You're starting off with 1080 lines - 1 is odd, 2 is even, 3 is odd etc. You're wanting 480 lines, so only four out of every nine will be used (Devil's 2.25:1 ratio) so you end up with the following (left side is 1080i source, right side is 480i or p result):

01 O Use = O 01
02 E
03 O
04 E Use = E 02
05 O
06 E Use = E 03
07 O
08 E Use = E 04
09 O
10 E Use = E 05
11 O
12 E
13 O Use = O 06
14 E
15 O Use = O 07
16 E
17 O Use = O 08
18 E
19 O Use = O 09
20 E
21 O
22 E Use = E 10
23 O
24 E Use = E 11
25 O
26 E Use = E 12
27 O
28 E Use = E 13
29 O
30 E
31 O Use = O 14

etc

1072 E Use = E 477
1073 O
1074 E
1075 O Use = O 478
1076 E
1077 O Use = O 479
1078 E
1079 O Use = O 480
1080 E

(If you bung this pattern into a spreadsheet, you'll see it comes out at 480 lines used from your 1080)

So you can see, in each frame you're ending up with four frames from one field, then four from the next, then back to the first field for the next four etc.

So how do you overcome it? Deinterlacing will get you 540 lines which will resize down to 480p because the source will all be from one field or the other. You might want 480i to maintain smoothness. To do this slow the 1080i footage to 50% so that each field becomes a half-resolution (540p) frame in its own right. Render that out at 720x480 (they will be progressive frames, but that doesn't matter) then speed it up to 200% to put distinct fields back in.

Both these methods (deinterlace the source, and slow down to yield distinct fields) will still generate some banding, because Ulead's video software does not resample, it just removes a line. When it resizes from 540 to 480 lines, it will just keep 8 out of every nine lines. The result is that on some diagonal surfaces you may see stepping.
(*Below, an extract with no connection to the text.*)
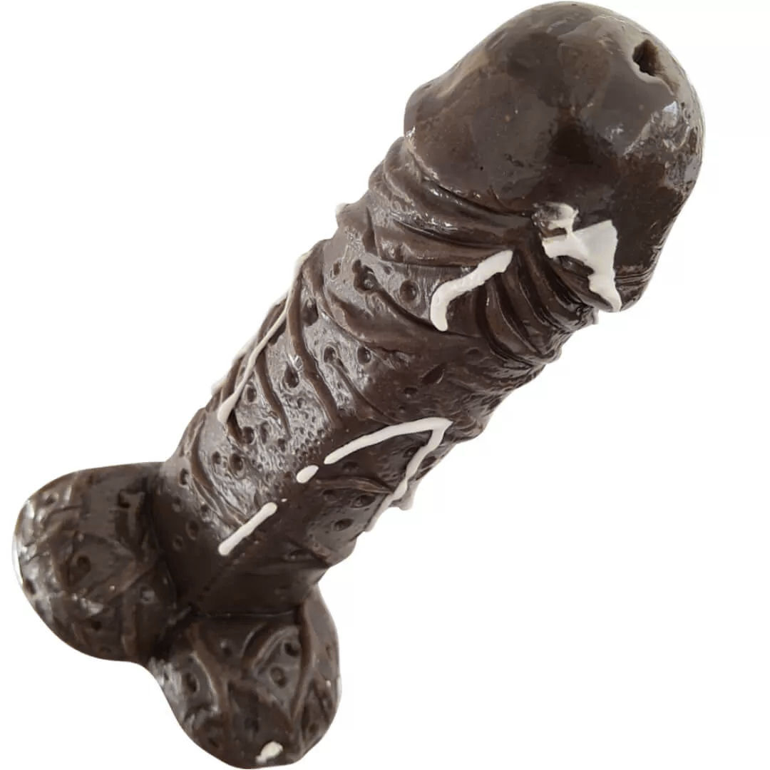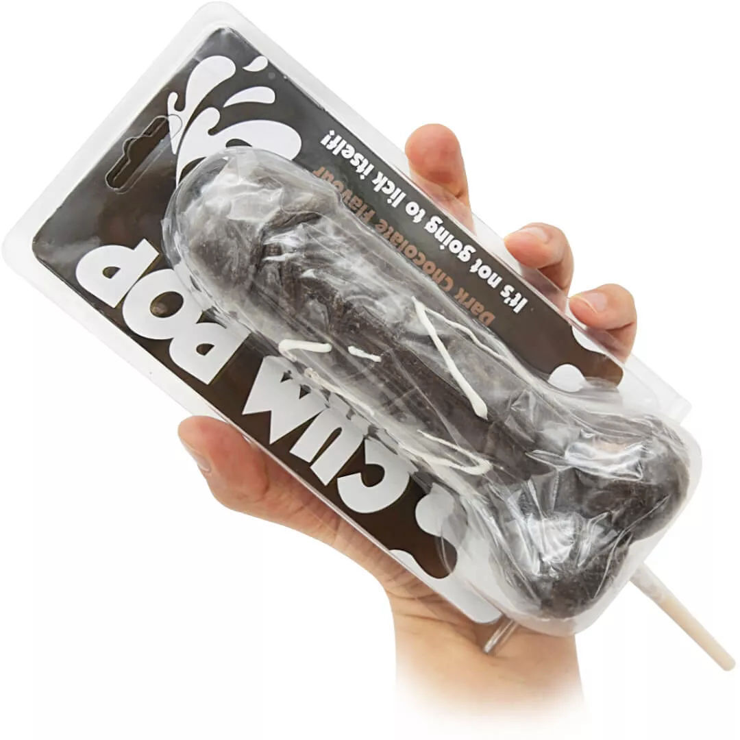 Mit diesem geilen Dauerlutscher in Schwanzform kannst Du Deine Zunge auf Reisen schicken und auch deine Deep Throat Skills perfektionieren! Der große Lolli ist mit reichlich Cum verziert und schmeckt herrlich nach dunkler Schokolade.

The only way of overcoming this that I can think of (without buying a dedicated tool such as Canopus Procoder) is to output the 540 line slow footage to an image sequence, use something like IrfanView to batch-resize the images with resampling, then bring the image sequence back into MSP. It's a lot of arseing about though.
Grandpajack

Horizontal lines in rendered HD DVD

Post by Grandpajack »

Does anyone know if this is addressed in MSP 8.